Supplied material:
►

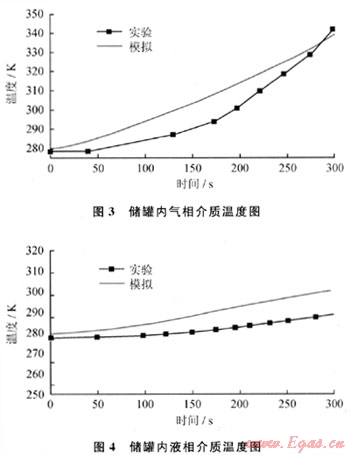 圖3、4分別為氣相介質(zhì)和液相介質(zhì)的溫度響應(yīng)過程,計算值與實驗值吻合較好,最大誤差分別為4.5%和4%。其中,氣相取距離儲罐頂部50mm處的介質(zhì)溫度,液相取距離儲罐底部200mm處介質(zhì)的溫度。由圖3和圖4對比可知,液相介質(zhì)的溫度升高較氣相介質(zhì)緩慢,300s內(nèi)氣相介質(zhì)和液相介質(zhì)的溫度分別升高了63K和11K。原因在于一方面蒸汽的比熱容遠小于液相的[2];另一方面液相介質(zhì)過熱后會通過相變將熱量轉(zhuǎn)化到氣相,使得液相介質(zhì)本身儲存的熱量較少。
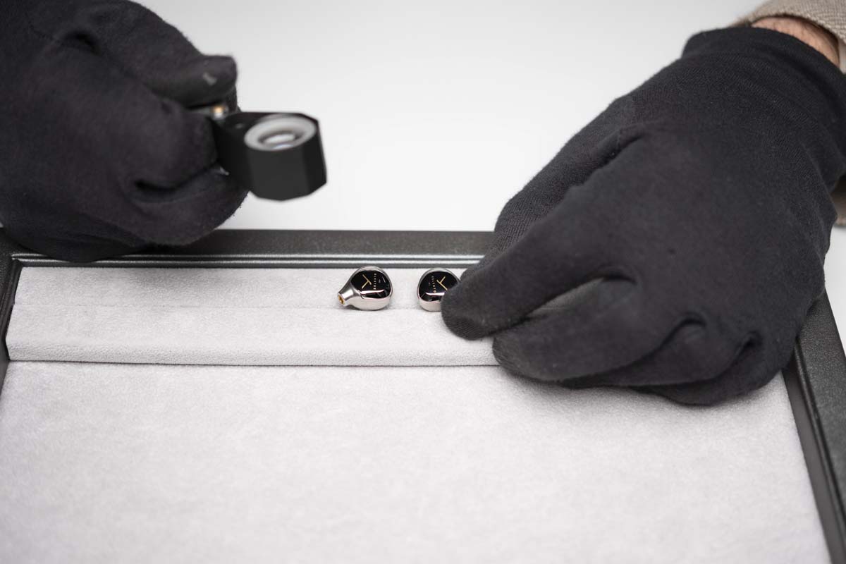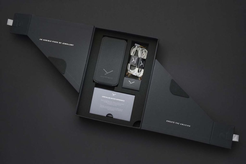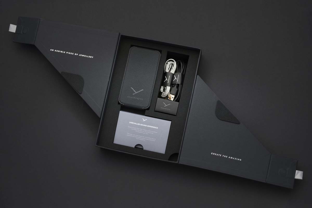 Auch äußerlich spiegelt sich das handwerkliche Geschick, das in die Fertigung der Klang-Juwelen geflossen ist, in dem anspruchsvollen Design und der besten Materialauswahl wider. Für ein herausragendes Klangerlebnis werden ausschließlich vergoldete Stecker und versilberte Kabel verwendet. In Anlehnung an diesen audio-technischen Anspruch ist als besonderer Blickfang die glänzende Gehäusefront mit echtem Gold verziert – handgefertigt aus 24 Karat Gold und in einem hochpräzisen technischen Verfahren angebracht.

◄
►

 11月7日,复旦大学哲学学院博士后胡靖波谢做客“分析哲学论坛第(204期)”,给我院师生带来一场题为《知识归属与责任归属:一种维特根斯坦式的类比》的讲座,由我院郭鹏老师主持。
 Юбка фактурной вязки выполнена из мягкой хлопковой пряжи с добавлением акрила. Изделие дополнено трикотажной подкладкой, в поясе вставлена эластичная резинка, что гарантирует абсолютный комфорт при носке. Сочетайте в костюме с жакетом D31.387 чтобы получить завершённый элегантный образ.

◄

In the material above, locate the line containing "11月7日,复旦大学哲学学院" and the line containing "Юбка фактурной вязки". Transcribe exactly those two lines and every line between them, and nothing more.

 11月7日,复旦大学哲学学院博士后胡靖波谢做客“分析哲学论坛第(204期)”,给我院师生带来一场题为《知识归属与责任归属:一种维特根斯坦式的类比》的讲座,由我院郭鹏老师主持。
 Юбка фактурной вязки выполнена из мягкой хлопковой пряжи с добавлением акрила. Изделие дополнено трикотажной подкладкой, в поясе вставлена эластичная резинка, что гарантирует абсолютный комфорт при носке. Сочетайте в костюме с жакетом D31.387 чтобы получить завершённый элегантный образ.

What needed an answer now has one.